Before you troubleshoot the NFS Server failover issues, check the Troubleshoot NFS Server’s service IP address entry in the conntrack table in SYN_SENT or TIME_WAIT state and Additional Troubleshooting Checks.

To fix the NFS server failover issues, complete the following steps:

Run the following command to check if any NFS exports are in the ASSIGNED_ERR state and identify corresponding PVCs:

# robin nfs export-list

Run the following command to note the replica count in the deployment or StatefulSet:

# kubectl get all -n <ns>

Example:

# kubectl get all -n <ns>
...
NAME                   READY   UP-TO-DATE   AVAILABLE   AGE
deployment.apps/app1   2/2     2            2           27h

NAME                              DESIRED   CURRENT   READY   AGE
replicaset.apps/app1-5cbbc6d9db   2         2         2       27h

Run the following command to scale the application Pods that use those PVCs to 0:

Note

Do not delete the application.

Scaling down the application Pods will make sure that new Pods do not come up and results in the NFS exports being cleared.

# kubectl scale --replicas=0 <deployment/statefulset> -n <ns>

Run the following command to check all NFS exports are healthy:

# robin nfs export-list

(Optional) Run the following command on the hung paths if you notice some mount paths are still hung:

# umount -f -l <hung nfs mount path>

Run the following command to check the node status:

# kubectl get node <node name>

Note

If you notice the node is still not showing the Ready state, wait for 2 minutes for kubelet to refresh the status.

If the status is still not showing Ready, stop and start kubelet by running following commands:

# systemctl stop kubelet

#systemctl start kubelet

Check the node status again.
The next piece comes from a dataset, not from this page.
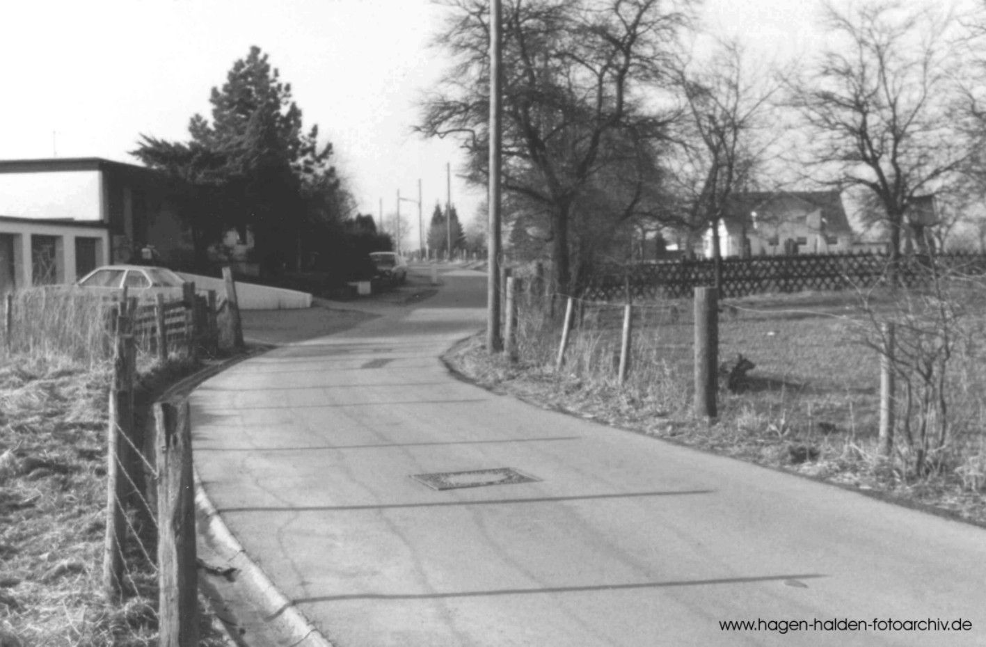 Der Rüggeweg im Jahr 1980 - der rechten Bildhälfte ist das Haus "Im Alten Holz Nr. 149" zu erkennen >dasselbe Motiv im Mai 2004<

If the status is Ready, then go to the last step.

# kubectl get node <node name>

If the node is still not in the Ready state or flapping between Ready/NotReady and you do not see any Pods in k8s that are using the RWX PVC, it may be Pods are deleted by force from Kubernetes.

In this case, k8s does not see Pods, but Docker is still hanging on to those Pods. THIS IS A RARE CASE and is hit only when Pods are deleted forcefully.
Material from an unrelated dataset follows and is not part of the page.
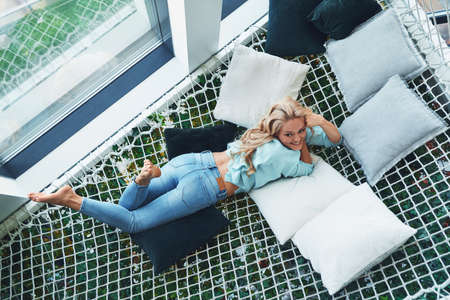 Top view of beautiful young woman smiling while relaxing in big hammock at home

In this case, run the following commands:

# docker rm <>

# systemctl restart docker

Run the following command to check the node status:

# kubectl get node <node name>

The node should be in the Ready state.

Run the following command to scale up the application Pods back to the original count that you noted earlier:

# kubectl scale --replicas=<n> <deployment/statefulset> -n <ns>

23.3.8. PDV Resize issue¶

When you try to resize a PDV to a large size, the resize task fails due to insufficient storage, and due to this resize task failure, the subsequent PDV resizing tasks also fail.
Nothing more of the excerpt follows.